Riding the Rollercoaster: Being a parent of a High Functioning Autistic child, the unexpected emotions 

Meet Zachary.

 He is three years and nine months old. He has Autism Spectrum Disorder and he is Awesome. 

Look at that cheeky face 

When Zachary received his diagnosis we were not told if he was high or low functioning. The peadiatrian explained he could be high in one area and low in another so they don’t like to label. Now whether that is her personal preference I do not know as I know people who have been told High or low functioning. 

Anyway, we tend to refer to Zachary as ‘High Functioning’ or HF.  This is mainly for two reasons. One for me to remember that he does have autism, but it doesn’t mean he can’t fly high. The other reason is I believe it allows others to have higher expectations of him, whilst still understanding his difficulties. Now I am not writing this to cause offence to anyone who’s child may be considered low functioning. We just have different things to cope with. We are all still able to help bring awareness to autism. 
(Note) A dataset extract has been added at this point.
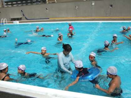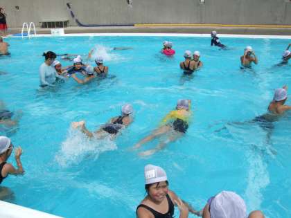 水慣れ・泳力別に練習をした後、自由水泳の時間のたっぷりとってもらい、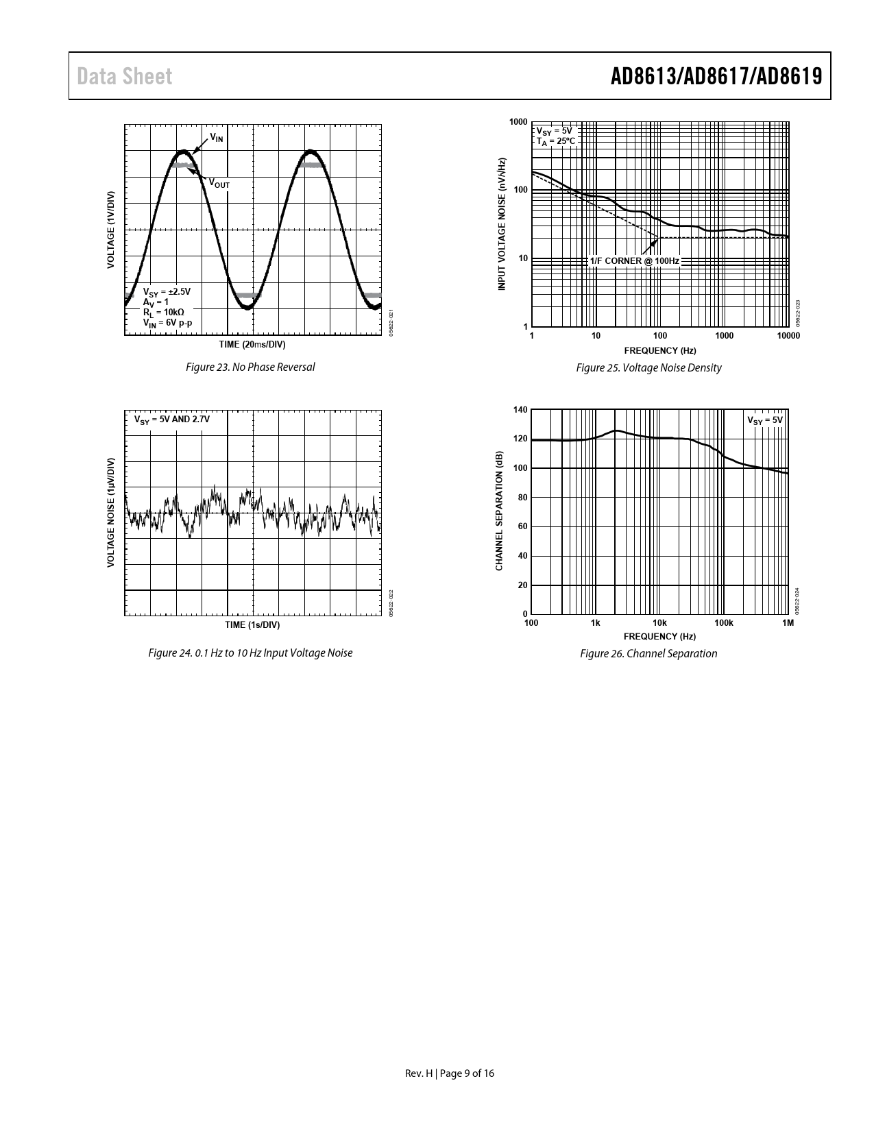 | 页数 / 页 | 16 / 9 — Data Sheet. AD8613/AD8617/AD8619. 1000 V. SY = 5V. TA = 25ºC. ) Hz. OUT. … |

Now what I wanted to talk about is the emotional rollercoaster that many parents go through after a diagnosis. This is my story, but I know there are many others who can relate. I have known there was something a little different about Zachary since he was 10 months old. He had random behaviours, strange relationships and started suffering with night terrors. As I mentioned in a previous post Katie Hopkins #bornnaughty? I fought really hard to get Zachary’s Diagnosis, because I wanted him to have as much support as was possible to ensure we could get the best results and know we had done everything we could to help him. 

Even though I knew something was different and by age two I was almost certain it was autism this was my reaction. 

I cried. 

I also laughed, hysterically. 

You can read a little about our journey and my reaction in My FIRST ever blog post. Now even though I ‘knew’ Zachary was on the spectrum, it was still a shock. It’s something you are never really ready to hear. I had heard people talk about mourning the child they had lost. Even though their child was still here. They weren’t the child they had planned for. There were more problems and barriers that they hadn’t prepared for. It sounds a little dramatic we haven’t actually lost our child, but it can sometimes feel like that. 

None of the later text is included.